What this task involves: All pictures are to be dropped, and the remaining data set down exactly.

Exercise data:
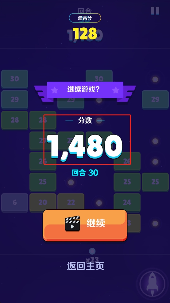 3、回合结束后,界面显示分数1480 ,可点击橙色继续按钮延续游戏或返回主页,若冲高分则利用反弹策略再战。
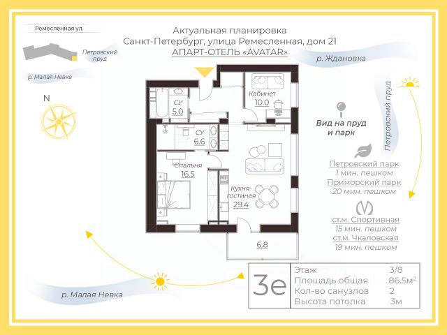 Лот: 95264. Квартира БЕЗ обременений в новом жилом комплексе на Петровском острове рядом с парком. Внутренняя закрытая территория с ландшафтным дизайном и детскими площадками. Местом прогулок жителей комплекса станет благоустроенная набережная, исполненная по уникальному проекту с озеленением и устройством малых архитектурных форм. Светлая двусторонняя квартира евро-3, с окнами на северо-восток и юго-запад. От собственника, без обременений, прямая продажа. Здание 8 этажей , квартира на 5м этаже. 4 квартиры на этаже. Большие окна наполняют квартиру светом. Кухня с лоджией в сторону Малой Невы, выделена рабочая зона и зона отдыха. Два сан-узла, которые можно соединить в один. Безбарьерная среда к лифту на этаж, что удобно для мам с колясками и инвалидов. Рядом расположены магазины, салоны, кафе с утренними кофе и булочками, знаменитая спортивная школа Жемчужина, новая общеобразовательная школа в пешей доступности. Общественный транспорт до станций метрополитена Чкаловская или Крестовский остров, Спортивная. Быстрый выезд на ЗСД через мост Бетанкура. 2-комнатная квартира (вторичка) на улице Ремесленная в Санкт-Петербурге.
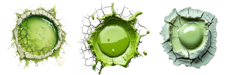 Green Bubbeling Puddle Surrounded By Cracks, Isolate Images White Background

Answer below:
 3、回合结束后,界面显示分数1480 ,可点击橙色继续按钮延续游戏或返回主页,若冲高分则利用反弹策略再战。
 Лот: 95264. Квартира БЕЗ обременений в новом жилом комплексе на Петровском острове рядом с парком. Внутренняя закрытая территория с ландшафтным дизайном и детскими площадками. Местом прогулок жителей комплекса станет благоустроенная набережная, исполненная по уникальному проекту с озеленением и устройством малых архитектурных форм. Светлая двусторонняя квартира евро-3, с окнами на северо-восток и юго-запад. От собственника, без обременений, прямая продажа. Здание 8 этажей , квартира на 5м этаже. 4 квартиры на этаже. Большие окна наполняют квартиру светом. Кухня с лоджией в сторону Малой Невы, выделена рабочая зона и зона отдыха. Два сан-узла, которые можно соединить в один. Безбарьерная среда к лифту на этаж, что удобно для мам с колясками и инвалидов. Рядом расположены магазины, салоны, кафе с утренними кофе и булочками, знаменитая спортивная школа Жемчужина, новая общеобразовательная школа в пешей доступности. Общественный транспорт до станций метрополитена Чкаловская или Крестовский остров, Спортивная. Быстрый выезд на ЗСД через мост Бетанкура. 2-комнатная квартира (вторичка) на улице Ремесленная в Санкт-Петербурге.
 Green Bubbeling Puddle Surrounded By Cracks, Isolate Images White Background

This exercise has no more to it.